Why is the Self-Directed Solo 401(k) Like an IRA on Steroids?

What Do You Need to Open a Self-Directed Solo 401(k)?

If you were to ask people about their retirement benefits and use the word “401(k),” you might get the same response. That’s because so many of us associate our 401(k) plans with our retirement strategies; the words have become so ubiquitous that we might not even have a 401(k) plan and call a retirement strategy our “401(k).” However, anyone who’s done a little bit of research into it knows that the 401(k) plan is more specific than that. There’s also a Self-Directed Solo 401(k) for investors who want to move outside of the traditional employer-employee arrangement to save for retirement. The only question is: who can open one of these accounts?

To answer that question, we decided to take a look at the requirements of the Self-Directed Solo 401(k), particularly when it comes to opening one up.

What You Need to Open a Self-Directed Solo 401(k) Plan

This IRS-approved, qualified 401(k) plan is designed for three general types of arrangements:

  • Sole proprietorship. This can be someone who is an individual who receives contract work, for example, and does not have to be as formal an arrangement. This will require self-employment income, as do all of the items on this list.
  • A limited liability company, or LLC. For some tax purposes, a single member LLC is regarded as like a sole proprietorship. This means that investors who use this structure have some additional considerations, but it is still essentially a one-person business when using a single-member LLC.
  • A corporation. An investor who uses a corporation may be able to use a Self-Directed Solo 401(k) plan, but this corporate structure does have some caveats that will make it worth talking over things with a tax professional.

In other words, to use a solo 401(k) plan, which gives an investor a lot of freedom for this arrangement, the investor will have to have some sort of formal structure for getting started.
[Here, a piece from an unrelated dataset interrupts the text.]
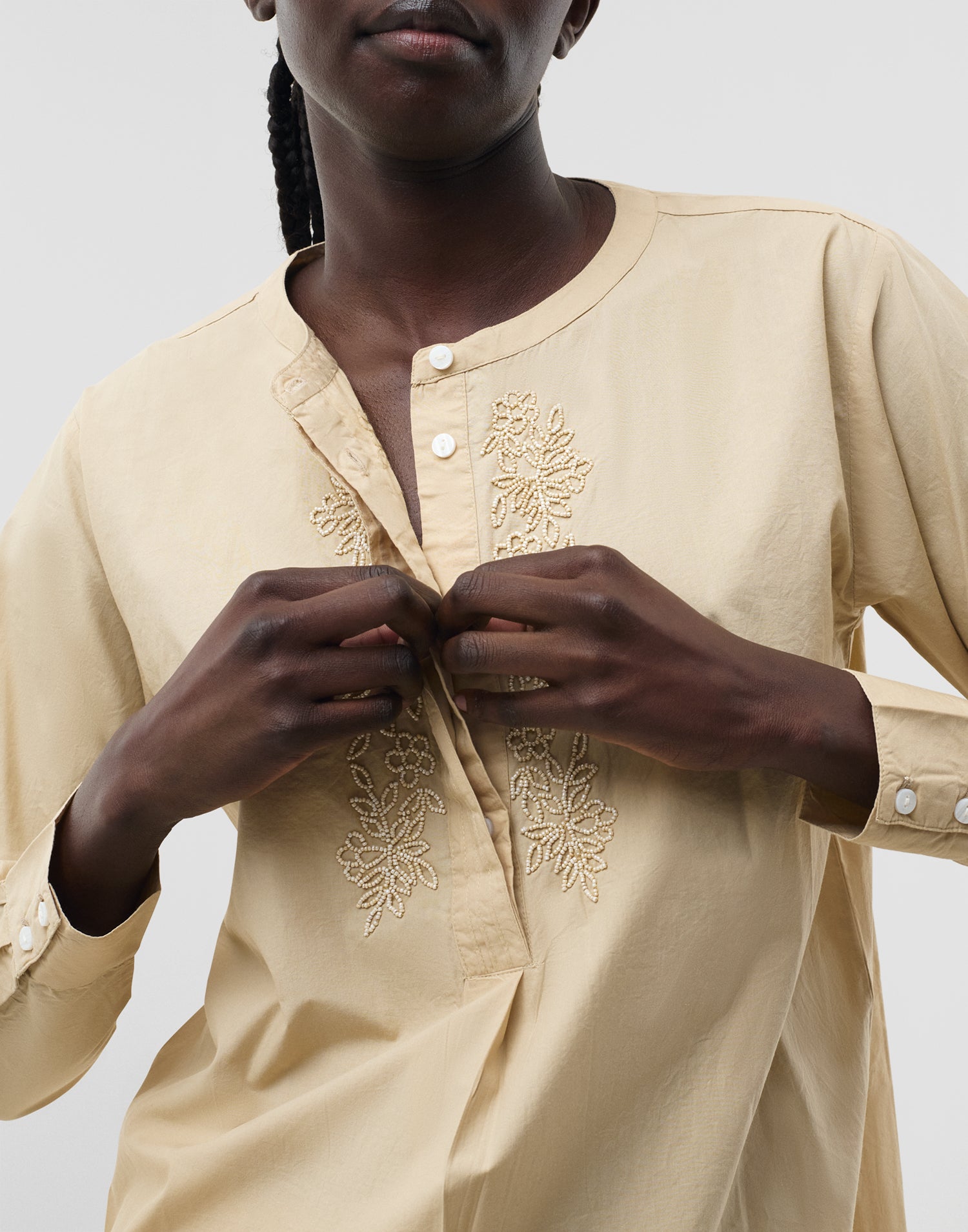 Camisa estilo kurta. Manga larga con puño abotonado, cuello redondo y cierre parcial de botones ocultos. Detalle de apliques a tono en la parte frontal.
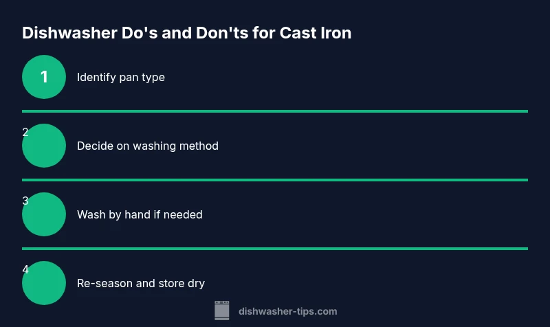 Discover whether you can dishwasher-clean cast iron, the risks involved, and how to clean and re-season safely. Expert guidance from Dishwasher Tips to protect your cookware.

If you’re an employee, you may already enjoy a 401(k) plan as provided by an employer.

Why Use a Self-Directed Solo 401(k)?

With all of this information about how to open one up, you may be thinking about the next step: why use one in the first place? There are some nice benefits that investors will want to take a look at.
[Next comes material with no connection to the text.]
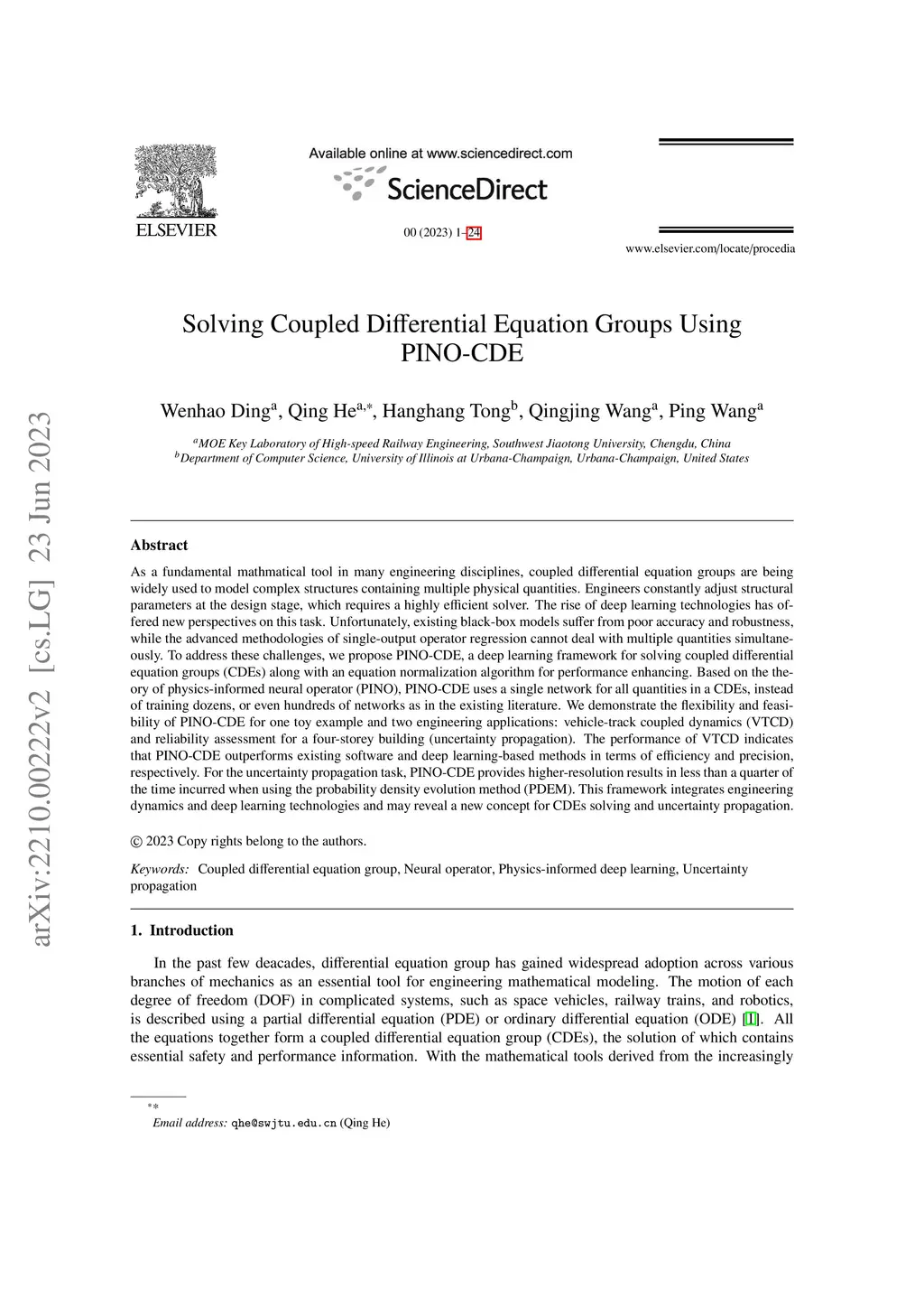 As a fundamental mathmatical tool in many engineering disciplines, coupled differential equation groups are being widely used to model complex structures containing multiple physical quantities. Engineers constantly adjust structural parameters at the design stage, which requires a highly efficient solver. The rise of deep learning technologies has offered new perspectives on this task. Unfortunately, existing black-box models suffer from poor accuracy and robustness, while the advanced methodologies of single-output operator regression cannot deal with multiple quantities simultaneously. To address these challenges, we propose PINO-CDE, a deep learning framework for solving coupled differential equation groups (CDEs) along with an equation normalization algorithm for performance enhancing. Based on the theory of physics-informed neural operator (PINO), PINO-CDE uses a single network for all quantities in a CDEs, instead of training dozens, or even hundreds of networks as in the existing literature. We demonstrate the flexibility and feasibility of PINO-CDE for one toy example and two engineering applications: vehicle-track coupled dynamics (VTCD) and reliability assessment for a four-storey building (uncertainty propagation). The performance of VTCD indicates that PINO-CDE outperforms existing software and deep learning-based methods in terms of efficiency and precision, respectively. For the uncertainty propagation task, PINO-CDE provides higher-resolution results in less than a quarter of the time incurred when using the probability density evolution method (PDEM). This framework integrates engineering dynamics and deep learning technologies and may reveal a new concept for CDEs solving and uncertainty propagation.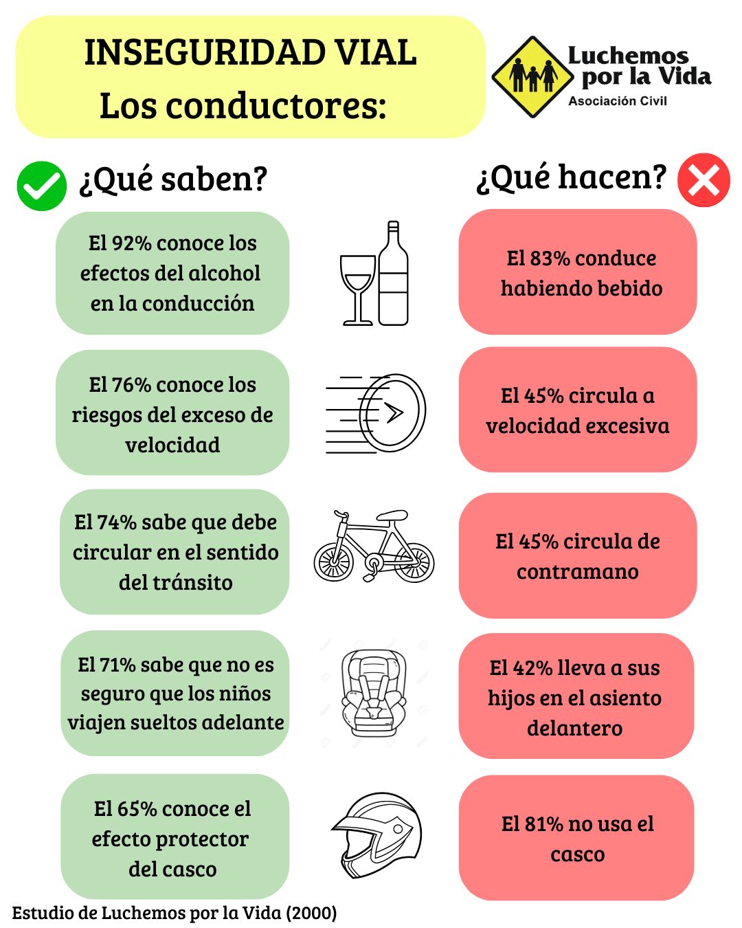 Un estudio difundido esta semana por la AACS corroboró una realidad ya estudiada hace más de 25 años por Luchemos por la Vida, que la mayoría de las personas conoce las normas de tránsito, pero no las respeta. En el año 2000, Luchemos por la Vida publicó internacionalmente un estudio basado en 618 encuestas y miles de observaciones sistemáticas de comportamientos, y llegaba a la misma conclusión.

For starters, a Self-Directed Solo 401(k) plan has high contribution limits, which increase with catch-up contributions possible for those investors who are later in age over the age of fifty. This means that investors can set aside a more sizeable portion of their income toward retirement, which provides immediate tax benefits in the form of tax-deductible contributions. This has the potential of lowering the taxes owed; however, investors should seek out professional tax advice to better understand this situation.
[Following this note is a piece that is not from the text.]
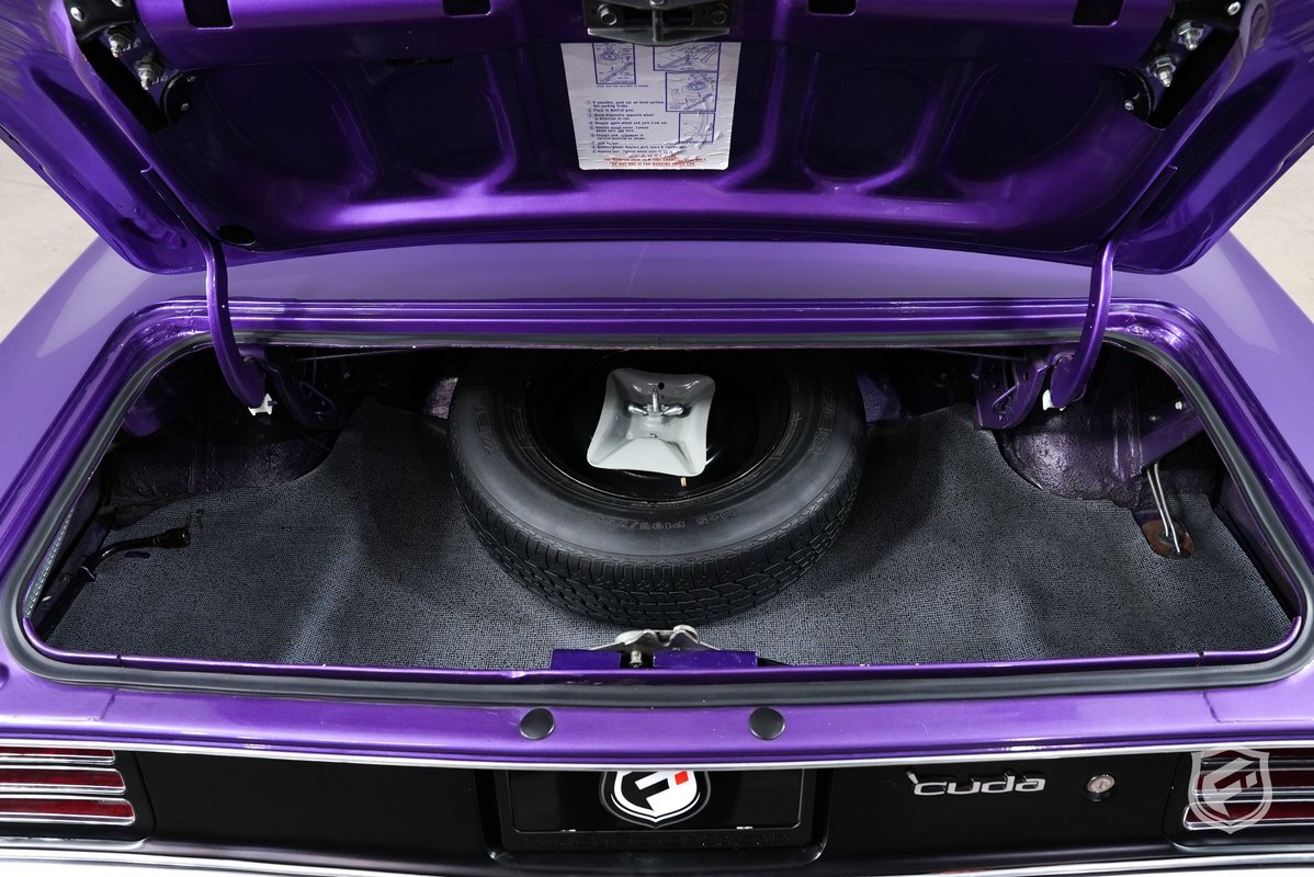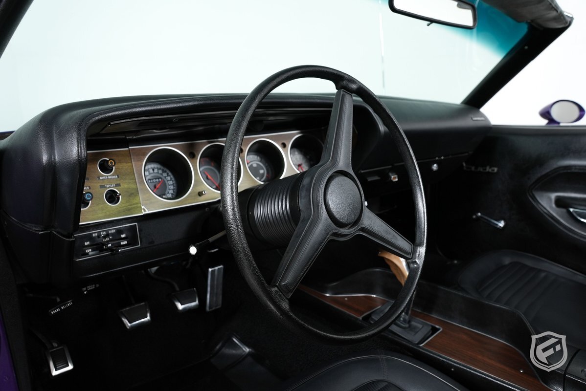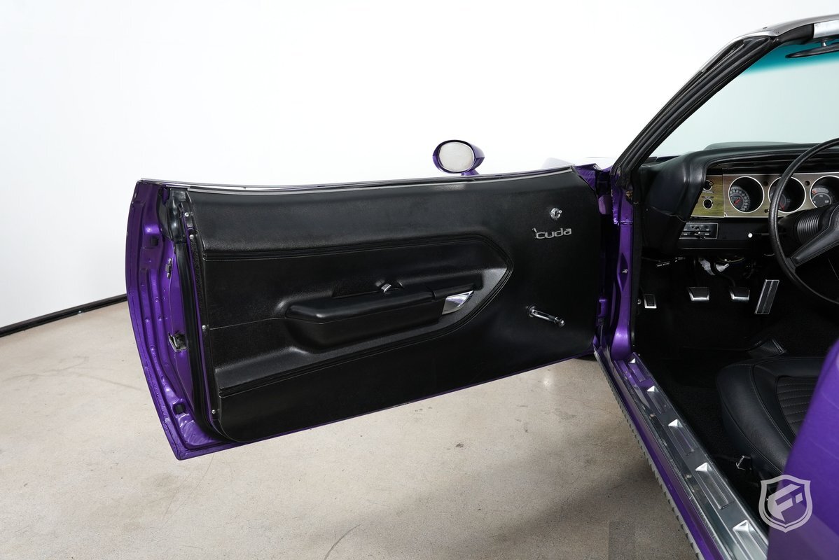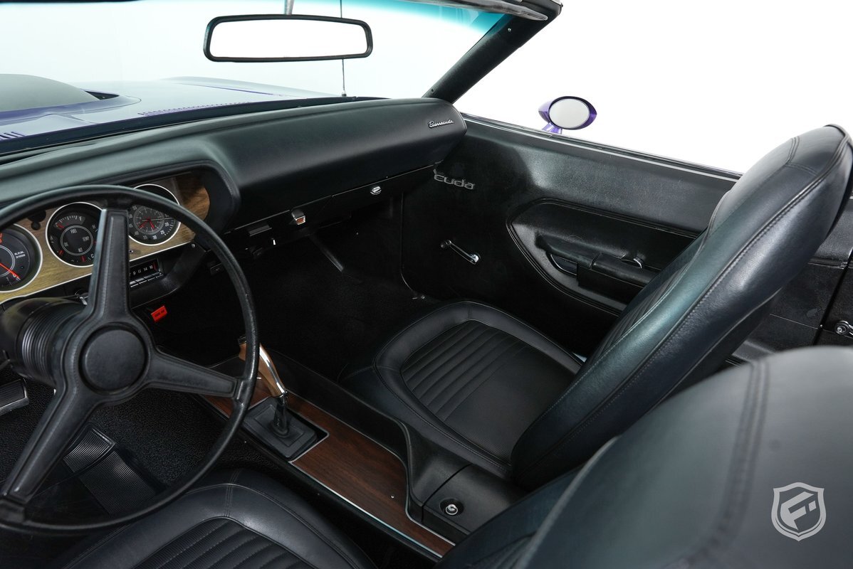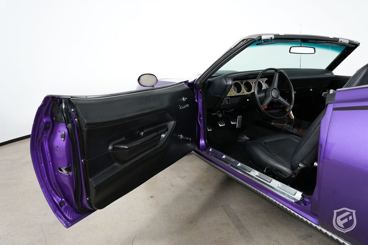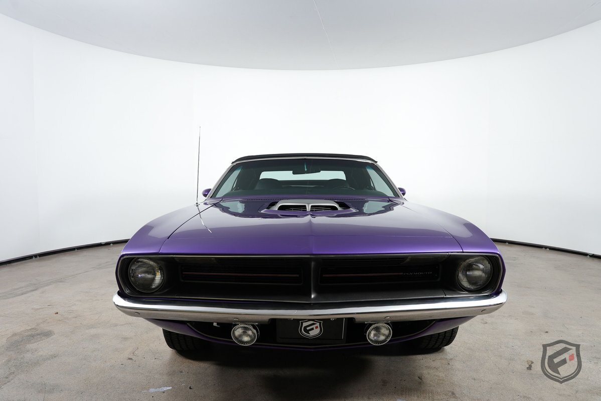 This Plymouth Hemi 'Cuda Convertible is an iconic muscle car that exudes power and style. Its Plum Crazy color adds a touch of uniqueness and character, making it stand out from the crowd. Originally a product of the quintessential muscle car era, Plum Crazy purple was first introduced by Dodge for the 1970 model year.

Additionally, investors often gravitate toward the Self-Directed Solo 401(k) because there is the possibility of borrowing from the account, which gives it more flexibility than many people might anticipate. This can help people who might be cash strapped, or maybe even give peace of mind to people who worry that their retirement account is not going to be flexible enough to be worth the upfront investment.

The Self-Directed Solo 401(k) has a lot of benefits and potential advantages, but it’s important for investors to understand what those are. To learn more about how this works, investors should continue to read about Self-Directed Solo 401(k) plans at our website here at American IRA.

Interested in learning more about Self-Directed IRAs?  Contact American IRA, LLC at 866-7500-IRA (472) for a free consultation.  Download our free guides or visit us online at www.AmericanIRA.com.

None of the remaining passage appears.